*Problem description*:
Restate every record word for word, without the pictures.

*Entries provided*:
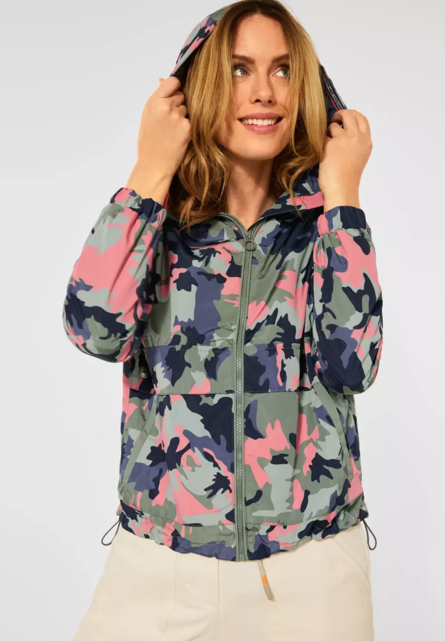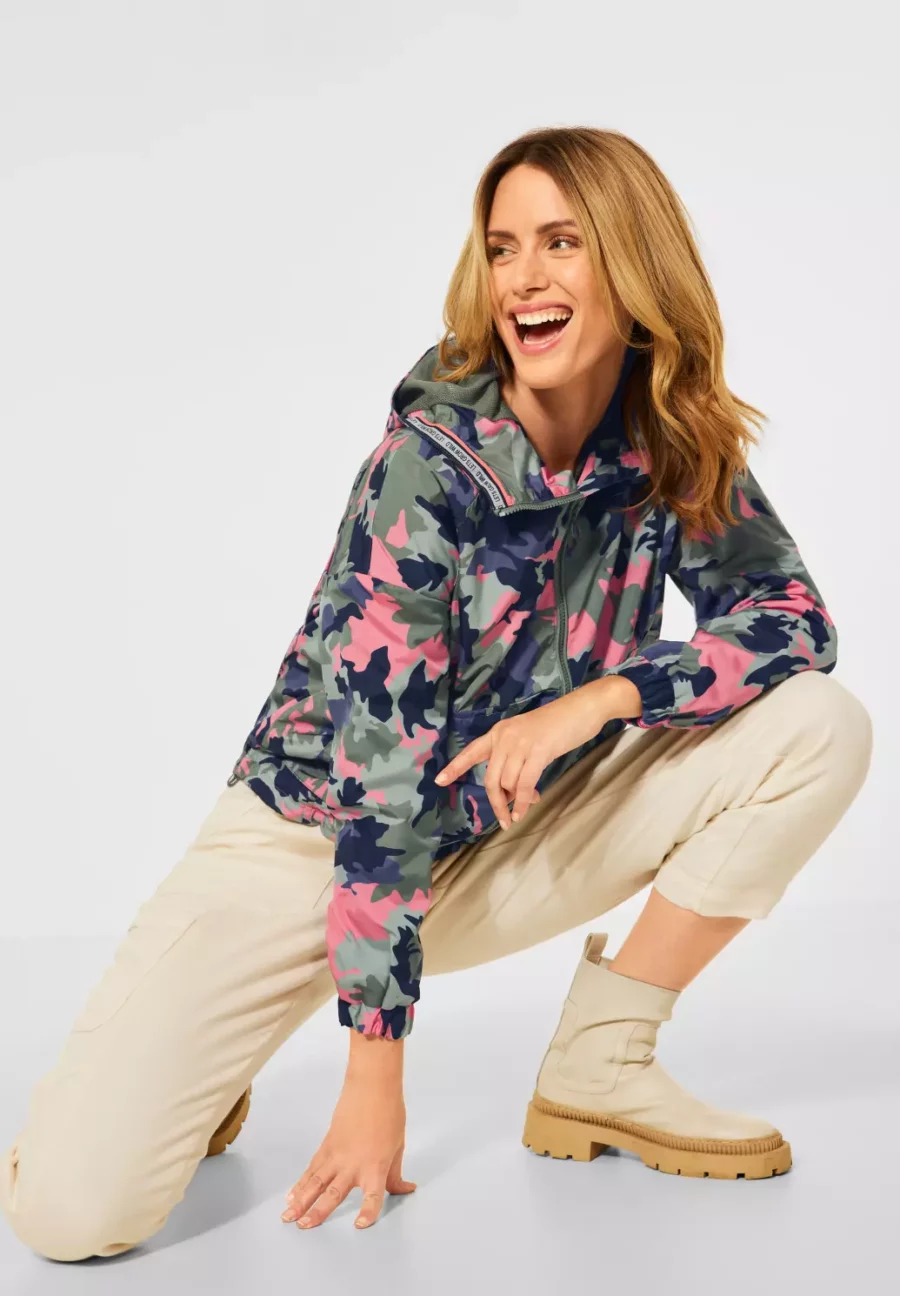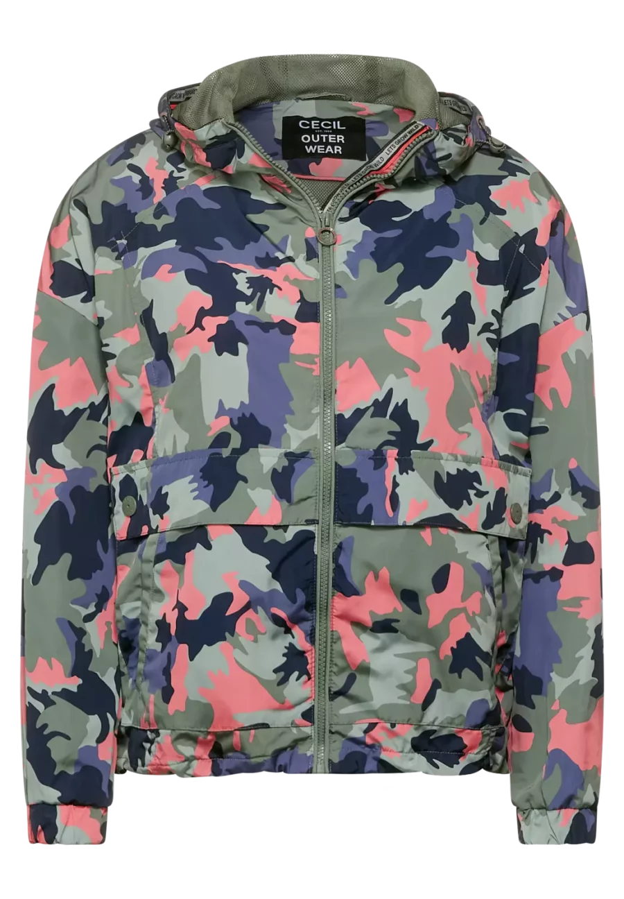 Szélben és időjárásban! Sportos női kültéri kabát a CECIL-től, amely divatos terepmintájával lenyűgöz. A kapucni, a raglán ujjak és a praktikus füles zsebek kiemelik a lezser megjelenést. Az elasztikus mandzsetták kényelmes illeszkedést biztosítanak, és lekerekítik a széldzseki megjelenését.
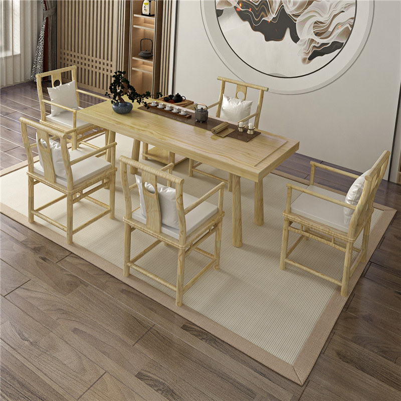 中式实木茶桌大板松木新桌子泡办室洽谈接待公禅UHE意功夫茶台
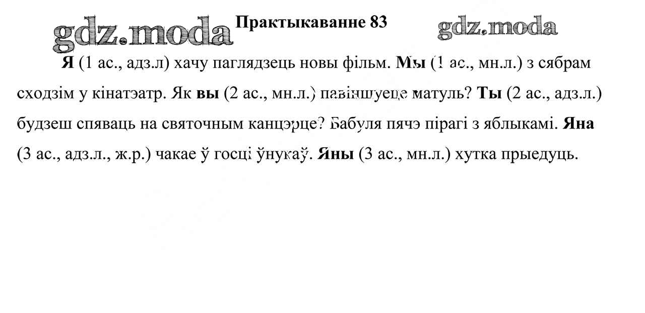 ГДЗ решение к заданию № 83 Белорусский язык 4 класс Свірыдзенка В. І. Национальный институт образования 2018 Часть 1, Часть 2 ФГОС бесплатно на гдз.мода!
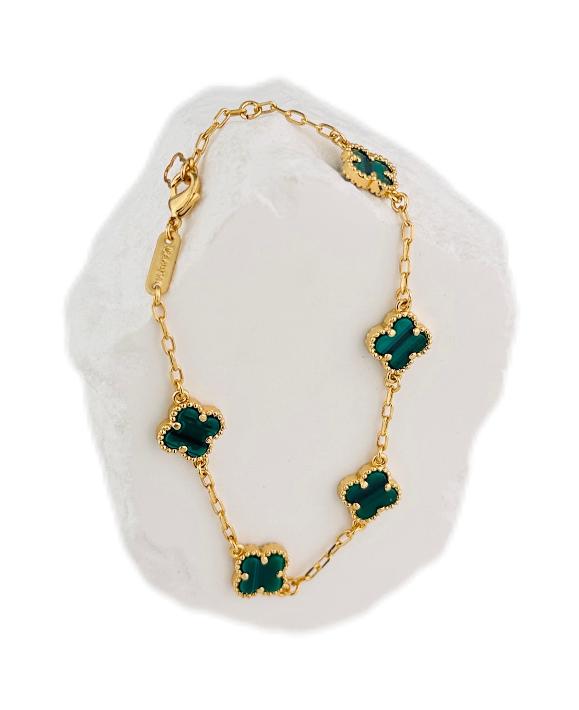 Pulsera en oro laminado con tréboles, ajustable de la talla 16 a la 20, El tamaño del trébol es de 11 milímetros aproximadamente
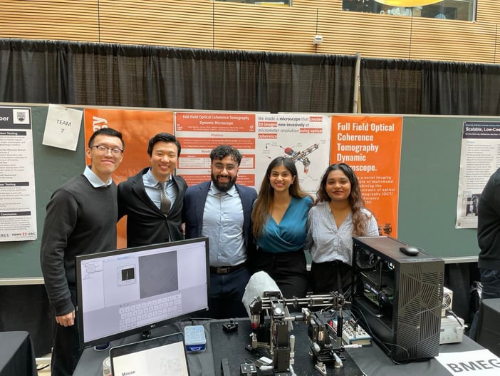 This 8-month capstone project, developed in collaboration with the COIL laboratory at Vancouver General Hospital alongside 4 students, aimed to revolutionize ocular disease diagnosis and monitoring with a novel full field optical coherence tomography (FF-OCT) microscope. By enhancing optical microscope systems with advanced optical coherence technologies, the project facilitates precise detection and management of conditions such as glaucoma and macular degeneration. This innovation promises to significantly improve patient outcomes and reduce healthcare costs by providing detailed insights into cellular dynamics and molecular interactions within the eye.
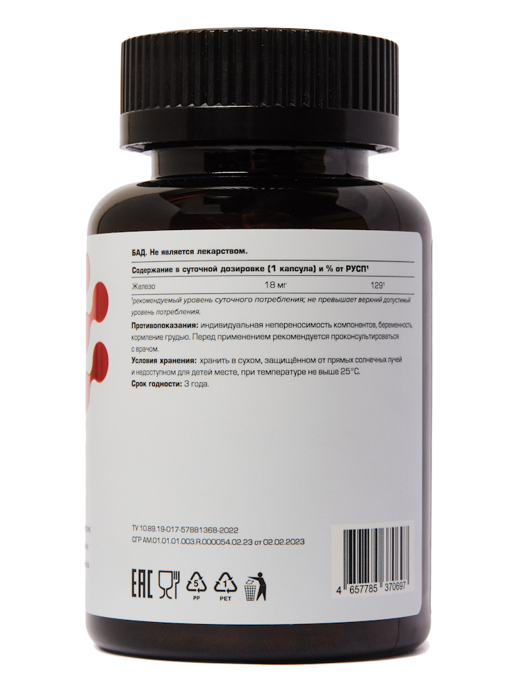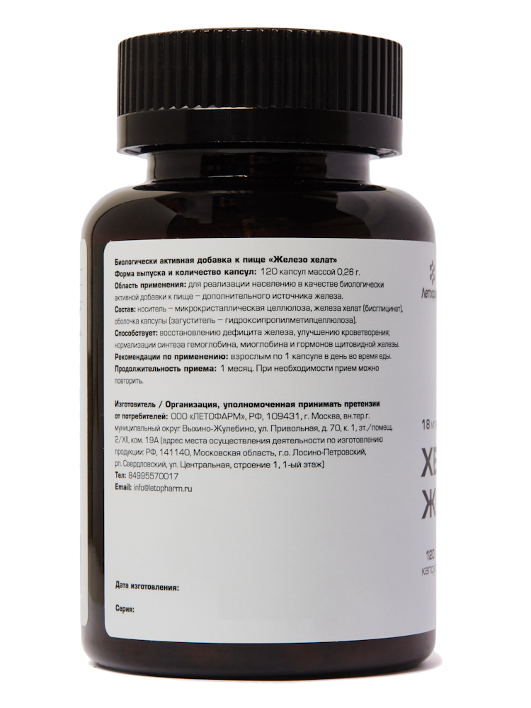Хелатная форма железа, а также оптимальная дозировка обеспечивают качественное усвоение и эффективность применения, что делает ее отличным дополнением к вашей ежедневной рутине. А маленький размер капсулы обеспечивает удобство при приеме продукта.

*Your solution*:
 Szélben és időjárásban! Sportos női kültéri kabát a CECIL-től, amely divatos terepmintájával lenyűgöz. A kapucni, a raglán ujjak és a praktikus füles zsebek kiemelik a lezser megjelenést. Az elasztikus mandzsetták kényelmes illeszkedést biztosítanak, és lekerekítik a széldzseki megjelenését.
 中式实木茶桌大板松木新桌子泡办室洽谈接待公禅UHE意功夫茶台
 ГДЗ решение к заданию № 83 Белорусский язык 4 класс Свірыдзенка В. І. Национальный институт образования 2018 Часть 1, Часть 2 ФГОС бесплатно на гдз.мода!
 Pulsera en oro laminado con tréboles, ajustable de la talla 16 a la 20, El tamaño del trébol es de 11 milímetros aproximadamente
 This 8-month capstone project, developed in collaboration with the COIL laboratory at Vancouver General Hospital alongside 4 students, aimed to revolutionize ocular disease diagnosis and monitoring with a novel full field optical coherence tomography (FF-OCT) microscope. By enhancing optical microscope systems with advanced optical coherence technologies, the project facilitates precise detection and management of conditions such as glaucoma and macular degeneration. This innovation promises to significantly improve patient outcomes and reduce healthcare costs by providing detailed insights into cellular dynamics and molecular interactions within the eye.
Хелатная форма железа, а также оптимальная дозировка обеспечивают качественное усвоение и эффективность применения, что делает ее отличным дополнением к вашей ежедневной рутине. А маленький размер капсулы обеспечивает удобство при приеме продукта.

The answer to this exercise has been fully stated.